El borde del abanico flotaba a una distancia mínima de romperlo.
Donde el metal se cernía, un fuego frío florecía y su pulso respondía como un tambor bajo sus costillas.
Lo sentía en todas partes: primero en la concavidad de su garganta, luego como una rapidez bajo su mandíbula, un calor que descendía hasta su vientre y estrechaba el mundo.
Debería haberse echado hacia atrás.
Debería haber apartado su mano.
En cambio, sostuvo su mirada, atrapado en la trampa de esos ojos.
Gélidos.
Despiadados.
Y sin embargo ardiendo con algo que lo atraía más cerca, como una polilla dando vueltas alrededor de una llama peligrosa.
Había hambre allí, no solo por respuestas, y la verdad inquietante era…
que no estaba seguro si era de ella o suya.
—Quería matarlo —dijo Damian.
Lorraine presionó el abanico contra su rostro, justo donde corría la cicatriz de Leroy.
La hoja rozó su mejilla, fría e íntima.
Despidió a los eunucos con un movimiento de sus dedos.
Con las cabezas inclinadas, se retiraron, dejándolos solos en el aire cargado.
Damian no movió sus manos.
Su respiración se mantuvo uniforme, ojos vidriosos con algo casi febril mientras la miraba.
—¿Por mí?
—preguntó ella, bajando la hoja hasta su garganta, justo sobre su yugular pulsante.
Estando tan cerca, su aliento abanicaba contra sus labios.
Él no hizo ningún intento por apartarla.
Ella sabía que podía, sabía que podía hacerle daño, y sin embargo se quedó, bailando sobre el filo delgado entre el peligro y algo más que ninguno se atrevía a nombrar.
Un silencio sofocante se instaló.
El calor se entrelazaba en las extremidades de Damian.
Sus palmas se humedecieron; el frío de la hoja contra él era lo único que le impedía derretirse en el momento.
Era consciente de los pequeños ruidos que su cuerpo hacía, un sonido tragado, el enganche de la respiración, y de la absurda claridad del pensamiento: «Quiero matarlo».
La imagen ardió, rápida y fea, pero no estaba sola.
Envuelta dentro de ella había una imagen diferente: ella, libre de lástima, reglas y los cuidadosos planes de la corte…
y él allí, tomando lo que había sido negado, y rescatándola.
Los dos impulsos se trenzaron: la negra lujuria por deshacerse del hombre que se interponía entre él y ella, y la atracción caliente y necesitada hacia la mujer que sostenía el acero contra su piel.
Cada pensamiento alimentaba al otro hasta que ya no podía decir cuál alimentaba a cuál.

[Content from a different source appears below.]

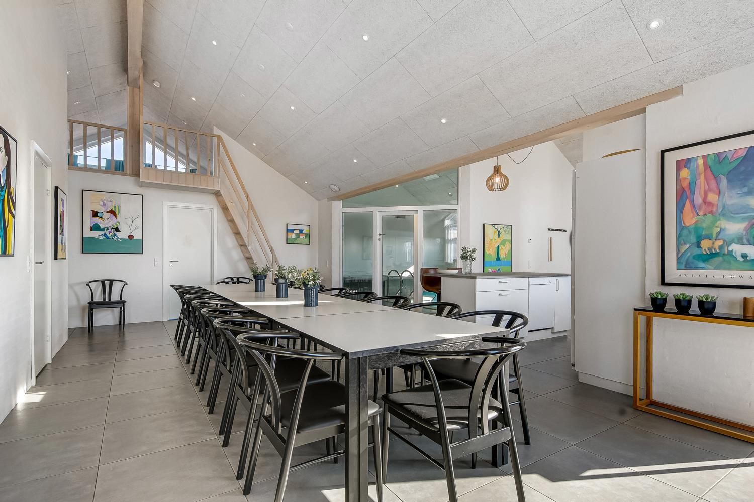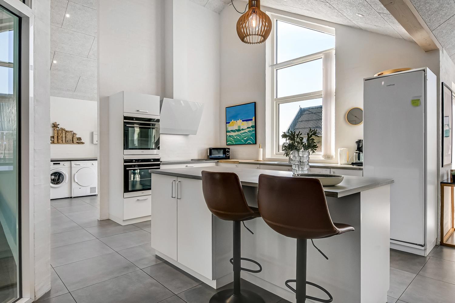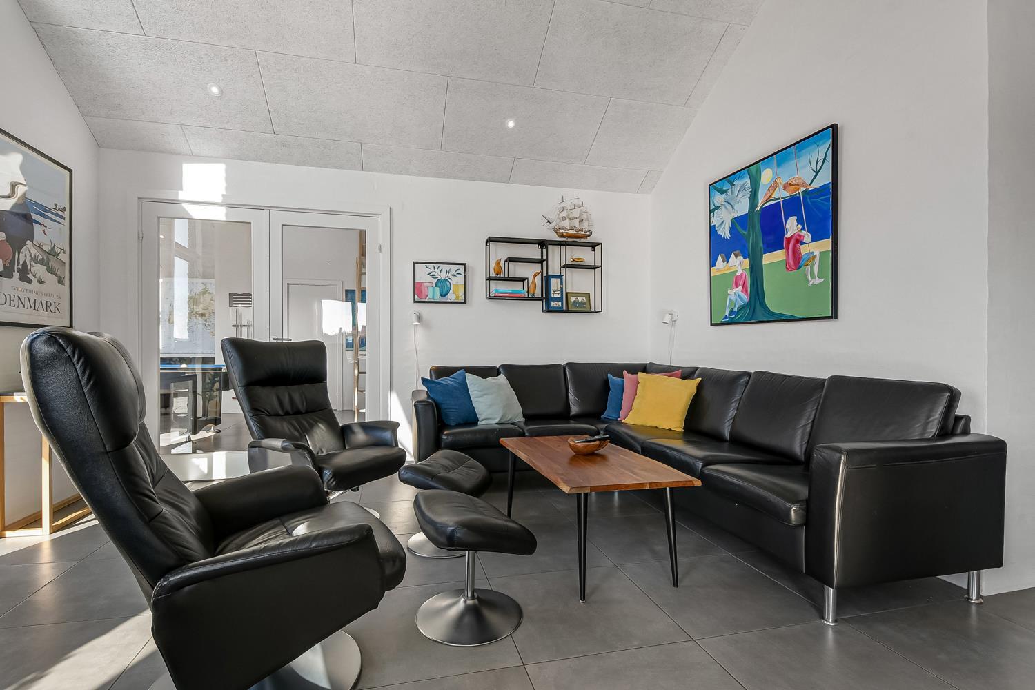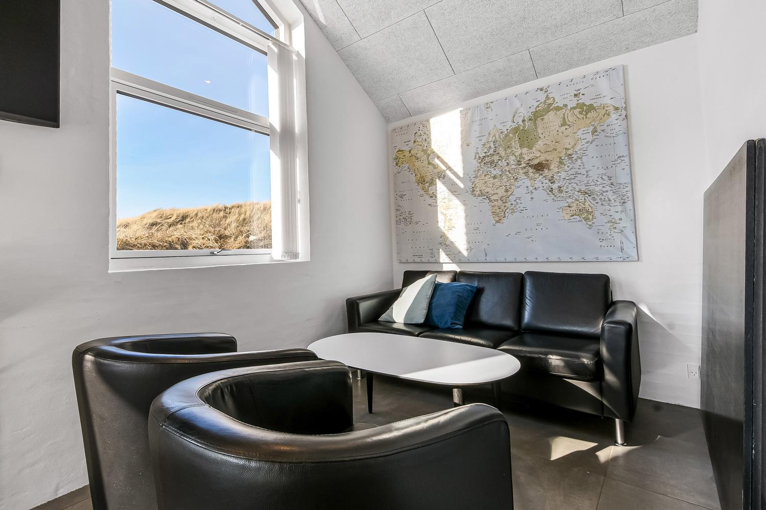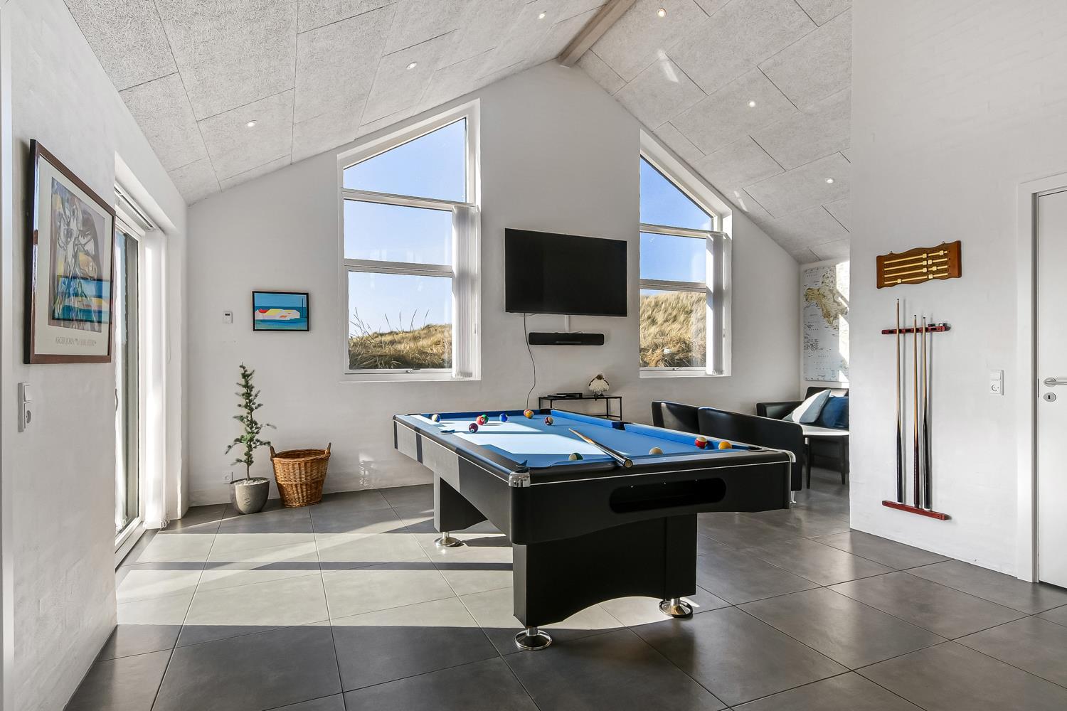 Schon auf dem Weg zu diesem herrlichen Ferienhaus spüren Sie die fantastische Lage des Hauses in der Nähe der großen Dünen an der Nordsee. Das Haus ist 241 m² groß und hat 6 gute Schlafräume: 1DB + 1DB + 1DB + 1DB + 2B + 2B. Außerdem gibt es 8 Schlafplätze, die auf 2 offenen Schlafböden verteilt sind. Im Zentrum des Hauses finden Sie die große, sehr gut ausgestattete Küche mit allem an Geschirr und Kochgeschirr. Küchenecke mit Cerankochfeld, eingebautem Ofen, Abzugshaube, Geschirrspüler, Mikrowelle, großem Kühlschrank und separater Gefriertruhe. Genießen Sie das Essen an dem großen Esstisch, schauen Sie aus den Fenstern und genießen Sie den Blick auf die hohen Dünen direkt an der Nordsee oder relaxen Sie einfach in den weichen Qualitätsmöbeln. Sie können auf dem TV dänische und deutsche Programme sehen oder Sie können Ihre Lieblingsserie streamen auf einem der Fernseher im Haus. Es gibt in allen Aufenthaltsräumen Fliesen mit Fußbodenheizung; das Haus ist sehr reinigungsfreundlich. Die große Wellness-/Poolabteilung des Hauses hat außer dem Pool einen Whirlpool und ein Badezimmer und eine separte Toilette. Ein eingebauter Projektor macht, dass Sie TV auf der grossen weissen Wand sehen können, während dass Sie im Pool oder im Whirlpool sind. Eine schöne Sauna gibt es mit Eingang von Aussen. Im Aktivitätsraum befinden sich ein kombinierter Tischtennis- und Pooltisch, neue Ledermöbel und noch ein Smart-TV, genau wie der andere und auch mit den gleichen Möglichkeiten. 2 Badezimmer: Toilette, Dusche, Waschbecken und Fußbodenheizung. Ausserdem gibt es eine exta Toilette mit Waschbecken und separtem Baderaum bei der Poolabteilung. Ein grosser Flur heisst Sie willkommen und hier gibt es eine Waschmaschine, einen Trockner und einen separaten Gefrierschrank. Für die Kleinsten gibt es ein Kinderbett und Kinderstuhl. Eine neue Luft-Wasser-Anlage macht das Haus extrem energieeffizient und führt auch zu einem günstigeren Stromverbrauch. Max. 2 Haustiere sind erlaubt. Das Haus wird nicht an Jugendgruppen vermietet. Kaution Wintersaison EUR 800 und Sommersaison EUR 500. Wenn Sie ein Elektroauto oder einen Plug-in-Hybrid haben, verfügt das Haus über eine Ladebox.

El odio afilaba el deseo; el deseo hacía vívido el odio.
Era como si su sangre hubiera decidido hablar en un solo idioma: termínalo, tómalo, reclámalo.
El mundo se había reducido a la línea de su mandíbula y el brillo del metal.
No había aplausos, ni murmullos cortesanos; solo estaba el pequeño y brillante hecho de ella y el obsceno pequeño conocimiento de que solo podía imaginarla libre si el otro hombre no existiera.
Lorraine sabía por qué Damian podría querer a Leroy muerto.
Ella estaba matando a Zara lentamente; el sentimiento no podía estar lejos de lo que Damian sentía hacia su esposo.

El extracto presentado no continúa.